Waterboy, I'm aware that one could easily find 600 Trump scandals but the public has already shown that these are baked in to the price. If Biden is the "boy scout" to Trump, he has a lot farther to fall, and a history of scandals hurting him more, including the plagiarism debacle that was the end of his first presidential campaign. Trump sees something like that and says, "A plagiarism scandal?! I can do three of those in a week and add a few escorts and money laundering accusations to boot without even making the news because of whatever else I'm doing that's even worse!"

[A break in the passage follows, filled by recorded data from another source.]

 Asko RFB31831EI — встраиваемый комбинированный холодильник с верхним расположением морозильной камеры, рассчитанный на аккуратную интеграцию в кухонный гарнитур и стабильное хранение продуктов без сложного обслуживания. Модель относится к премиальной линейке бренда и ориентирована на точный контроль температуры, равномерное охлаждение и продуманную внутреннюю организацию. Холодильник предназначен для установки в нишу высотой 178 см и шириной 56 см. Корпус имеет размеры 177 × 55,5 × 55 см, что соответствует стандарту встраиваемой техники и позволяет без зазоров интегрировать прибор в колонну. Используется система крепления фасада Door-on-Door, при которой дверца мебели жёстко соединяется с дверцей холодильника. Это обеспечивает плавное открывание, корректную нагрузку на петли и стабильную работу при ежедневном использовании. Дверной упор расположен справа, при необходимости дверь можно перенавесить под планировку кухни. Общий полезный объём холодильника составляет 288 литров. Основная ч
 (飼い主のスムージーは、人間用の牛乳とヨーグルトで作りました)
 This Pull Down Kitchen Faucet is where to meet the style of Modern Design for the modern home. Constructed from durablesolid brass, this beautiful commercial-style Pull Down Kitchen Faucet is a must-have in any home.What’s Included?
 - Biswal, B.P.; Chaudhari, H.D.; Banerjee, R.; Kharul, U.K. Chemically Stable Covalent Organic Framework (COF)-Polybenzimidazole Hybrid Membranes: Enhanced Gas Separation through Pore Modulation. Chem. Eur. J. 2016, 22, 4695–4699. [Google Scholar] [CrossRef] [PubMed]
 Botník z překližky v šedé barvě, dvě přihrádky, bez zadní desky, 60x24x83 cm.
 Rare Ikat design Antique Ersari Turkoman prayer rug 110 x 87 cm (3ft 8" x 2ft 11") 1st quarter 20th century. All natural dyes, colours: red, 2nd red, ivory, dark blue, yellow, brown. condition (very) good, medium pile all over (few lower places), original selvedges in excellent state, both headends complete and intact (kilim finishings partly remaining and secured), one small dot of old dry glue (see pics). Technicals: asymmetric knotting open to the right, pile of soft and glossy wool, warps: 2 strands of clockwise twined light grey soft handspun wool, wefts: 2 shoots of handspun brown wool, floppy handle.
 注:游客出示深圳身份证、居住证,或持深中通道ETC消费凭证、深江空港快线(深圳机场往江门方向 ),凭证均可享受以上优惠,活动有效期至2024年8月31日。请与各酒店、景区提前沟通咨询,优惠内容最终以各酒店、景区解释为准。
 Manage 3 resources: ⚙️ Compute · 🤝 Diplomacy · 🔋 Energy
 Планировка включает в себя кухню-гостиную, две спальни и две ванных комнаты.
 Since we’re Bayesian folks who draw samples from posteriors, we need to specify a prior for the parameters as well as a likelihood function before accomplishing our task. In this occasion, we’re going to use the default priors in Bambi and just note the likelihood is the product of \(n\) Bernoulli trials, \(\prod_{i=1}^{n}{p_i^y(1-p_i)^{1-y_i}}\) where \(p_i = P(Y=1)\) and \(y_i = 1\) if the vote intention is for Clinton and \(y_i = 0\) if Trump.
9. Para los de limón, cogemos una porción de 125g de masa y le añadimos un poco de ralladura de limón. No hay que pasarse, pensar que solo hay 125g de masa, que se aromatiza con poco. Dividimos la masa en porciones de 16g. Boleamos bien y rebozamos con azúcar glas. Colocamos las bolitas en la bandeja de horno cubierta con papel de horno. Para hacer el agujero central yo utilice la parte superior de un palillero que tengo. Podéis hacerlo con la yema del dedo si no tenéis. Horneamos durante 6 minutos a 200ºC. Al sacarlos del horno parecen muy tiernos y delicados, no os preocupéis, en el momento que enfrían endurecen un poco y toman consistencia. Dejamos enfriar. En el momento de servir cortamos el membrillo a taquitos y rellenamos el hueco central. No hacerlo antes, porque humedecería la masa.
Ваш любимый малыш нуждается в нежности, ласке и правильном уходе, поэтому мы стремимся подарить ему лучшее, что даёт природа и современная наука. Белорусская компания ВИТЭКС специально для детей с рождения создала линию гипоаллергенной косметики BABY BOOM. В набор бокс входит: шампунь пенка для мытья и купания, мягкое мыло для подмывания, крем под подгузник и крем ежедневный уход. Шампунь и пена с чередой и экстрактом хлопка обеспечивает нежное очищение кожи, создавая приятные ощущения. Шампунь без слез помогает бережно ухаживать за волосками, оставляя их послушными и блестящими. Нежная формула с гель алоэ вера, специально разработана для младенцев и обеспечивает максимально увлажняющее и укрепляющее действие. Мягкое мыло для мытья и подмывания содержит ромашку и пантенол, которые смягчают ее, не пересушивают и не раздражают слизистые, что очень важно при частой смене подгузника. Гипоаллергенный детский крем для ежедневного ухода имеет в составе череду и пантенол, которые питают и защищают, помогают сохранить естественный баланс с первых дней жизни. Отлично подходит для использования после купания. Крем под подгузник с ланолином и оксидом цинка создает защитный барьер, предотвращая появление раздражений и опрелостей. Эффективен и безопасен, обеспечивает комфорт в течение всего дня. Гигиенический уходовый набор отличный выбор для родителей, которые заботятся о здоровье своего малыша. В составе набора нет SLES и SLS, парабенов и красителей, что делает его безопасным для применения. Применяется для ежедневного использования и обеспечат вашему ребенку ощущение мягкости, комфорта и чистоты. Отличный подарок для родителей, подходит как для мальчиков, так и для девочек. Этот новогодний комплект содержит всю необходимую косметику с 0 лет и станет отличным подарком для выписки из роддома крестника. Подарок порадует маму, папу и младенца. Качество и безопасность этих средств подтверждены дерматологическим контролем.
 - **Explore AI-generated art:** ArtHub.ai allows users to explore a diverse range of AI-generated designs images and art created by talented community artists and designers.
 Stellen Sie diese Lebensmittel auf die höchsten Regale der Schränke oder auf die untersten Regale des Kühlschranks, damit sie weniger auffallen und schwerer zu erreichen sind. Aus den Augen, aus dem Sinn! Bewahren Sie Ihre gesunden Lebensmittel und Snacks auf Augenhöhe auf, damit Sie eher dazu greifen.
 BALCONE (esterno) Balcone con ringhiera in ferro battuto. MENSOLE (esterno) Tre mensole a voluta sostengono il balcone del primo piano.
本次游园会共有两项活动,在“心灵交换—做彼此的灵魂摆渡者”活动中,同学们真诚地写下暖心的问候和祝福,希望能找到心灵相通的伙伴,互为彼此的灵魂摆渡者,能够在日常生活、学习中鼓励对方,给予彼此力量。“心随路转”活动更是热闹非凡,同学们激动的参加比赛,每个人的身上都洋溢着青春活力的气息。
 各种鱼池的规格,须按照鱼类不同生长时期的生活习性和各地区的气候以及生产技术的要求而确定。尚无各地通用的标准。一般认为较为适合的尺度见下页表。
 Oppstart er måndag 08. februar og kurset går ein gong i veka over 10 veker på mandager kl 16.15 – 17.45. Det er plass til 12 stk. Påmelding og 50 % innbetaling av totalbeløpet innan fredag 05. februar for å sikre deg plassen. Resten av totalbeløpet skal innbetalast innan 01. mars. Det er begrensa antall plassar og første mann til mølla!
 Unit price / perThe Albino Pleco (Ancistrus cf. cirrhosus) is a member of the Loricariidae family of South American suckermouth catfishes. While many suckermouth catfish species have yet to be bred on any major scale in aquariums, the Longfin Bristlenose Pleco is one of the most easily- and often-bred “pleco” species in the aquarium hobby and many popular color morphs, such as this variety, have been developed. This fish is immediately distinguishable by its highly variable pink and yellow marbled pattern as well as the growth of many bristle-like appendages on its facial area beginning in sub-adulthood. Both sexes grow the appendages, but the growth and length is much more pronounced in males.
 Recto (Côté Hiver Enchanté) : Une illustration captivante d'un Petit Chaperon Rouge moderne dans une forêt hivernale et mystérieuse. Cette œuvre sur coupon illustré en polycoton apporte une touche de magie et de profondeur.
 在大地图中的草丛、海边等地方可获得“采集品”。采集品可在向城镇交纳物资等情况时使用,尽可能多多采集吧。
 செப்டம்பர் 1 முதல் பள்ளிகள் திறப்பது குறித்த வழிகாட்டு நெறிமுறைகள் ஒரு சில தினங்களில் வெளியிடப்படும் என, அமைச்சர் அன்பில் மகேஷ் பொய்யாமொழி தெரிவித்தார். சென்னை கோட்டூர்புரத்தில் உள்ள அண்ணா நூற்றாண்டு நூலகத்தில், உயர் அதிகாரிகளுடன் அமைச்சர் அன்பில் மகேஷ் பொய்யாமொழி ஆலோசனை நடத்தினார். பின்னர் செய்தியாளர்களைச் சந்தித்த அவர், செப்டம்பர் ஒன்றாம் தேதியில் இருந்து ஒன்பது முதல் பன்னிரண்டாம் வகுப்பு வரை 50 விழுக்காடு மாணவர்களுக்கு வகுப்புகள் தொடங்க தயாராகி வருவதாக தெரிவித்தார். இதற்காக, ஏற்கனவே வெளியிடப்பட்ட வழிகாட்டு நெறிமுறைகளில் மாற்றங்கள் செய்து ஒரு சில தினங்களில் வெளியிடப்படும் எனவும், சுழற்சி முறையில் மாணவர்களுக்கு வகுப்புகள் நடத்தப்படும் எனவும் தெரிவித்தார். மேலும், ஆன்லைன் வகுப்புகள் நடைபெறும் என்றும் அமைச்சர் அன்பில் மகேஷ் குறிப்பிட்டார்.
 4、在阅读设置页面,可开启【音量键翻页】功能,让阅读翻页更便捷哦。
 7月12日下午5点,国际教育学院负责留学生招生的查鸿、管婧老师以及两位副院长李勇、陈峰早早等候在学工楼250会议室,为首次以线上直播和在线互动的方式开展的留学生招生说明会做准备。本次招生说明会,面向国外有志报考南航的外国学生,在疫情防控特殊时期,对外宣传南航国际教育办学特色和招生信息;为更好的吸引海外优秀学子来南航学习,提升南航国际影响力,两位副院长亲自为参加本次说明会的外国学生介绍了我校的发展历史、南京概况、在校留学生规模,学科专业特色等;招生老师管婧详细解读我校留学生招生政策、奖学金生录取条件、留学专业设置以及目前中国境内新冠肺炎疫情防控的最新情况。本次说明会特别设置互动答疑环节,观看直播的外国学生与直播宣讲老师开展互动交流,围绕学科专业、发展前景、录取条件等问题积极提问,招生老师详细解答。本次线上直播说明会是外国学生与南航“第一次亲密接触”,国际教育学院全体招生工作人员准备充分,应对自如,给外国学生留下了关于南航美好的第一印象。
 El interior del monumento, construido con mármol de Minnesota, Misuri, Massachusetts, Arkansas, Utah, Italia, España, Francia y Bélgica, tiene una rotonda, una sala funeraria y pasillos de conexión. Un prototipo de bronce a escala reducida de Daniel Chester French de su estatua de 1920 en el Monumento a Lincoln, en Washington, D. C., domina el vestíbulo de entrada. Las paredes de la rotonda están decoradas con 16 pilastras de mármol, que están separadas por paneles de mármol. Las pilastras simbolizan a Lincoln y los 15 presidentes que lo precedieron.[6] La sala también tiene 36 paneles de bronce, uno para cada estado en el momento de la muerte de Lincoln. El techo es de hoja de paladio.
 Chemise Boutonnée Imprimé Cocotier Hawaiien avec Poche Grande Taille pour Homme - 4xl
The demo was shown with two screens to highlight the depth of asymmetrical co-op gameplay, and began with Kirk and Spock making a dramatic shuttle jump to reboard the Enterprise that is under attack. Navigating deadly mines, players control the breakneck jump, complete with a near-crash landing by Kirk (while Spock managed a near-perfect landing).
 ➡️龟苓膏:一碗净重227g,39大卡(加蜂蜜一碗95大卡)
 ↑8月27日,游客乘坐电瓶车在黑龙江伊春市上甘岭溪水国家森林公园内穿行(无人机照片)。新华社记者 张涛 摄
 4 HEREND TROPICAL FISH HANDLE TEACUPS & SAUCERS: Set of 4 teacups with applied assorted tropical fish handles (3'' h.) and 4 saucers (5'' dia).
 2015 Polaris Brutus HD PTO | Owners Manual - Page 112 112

There's a difference between buying a BMW or Audi that breaks down every now and then and a Toyota or Honda that breaks down the exact same or even less frequently. In the case of the former, you bought for other reasons and knew you'd have frequent service, but the latter brands are often purchased specifically for reliability. 

quasihumanist

My worry is that, on Wednesday morning, Trump looks at the trends in absentee ballot counting and tweets that all patriotic Americans should march on Madison, Harrisburg, and Tallahassee to stop the fraudulent mail-in votes from being counted.  A few thousand armed white supremacists shooting at random stuff in those cities won't stop the vote counting (which is all done in counties or towns anyway), but it could be bad.

I also think that, if Trump loses convincingly, we'll see a significant increase in low-level white supremacist domestic terrorism.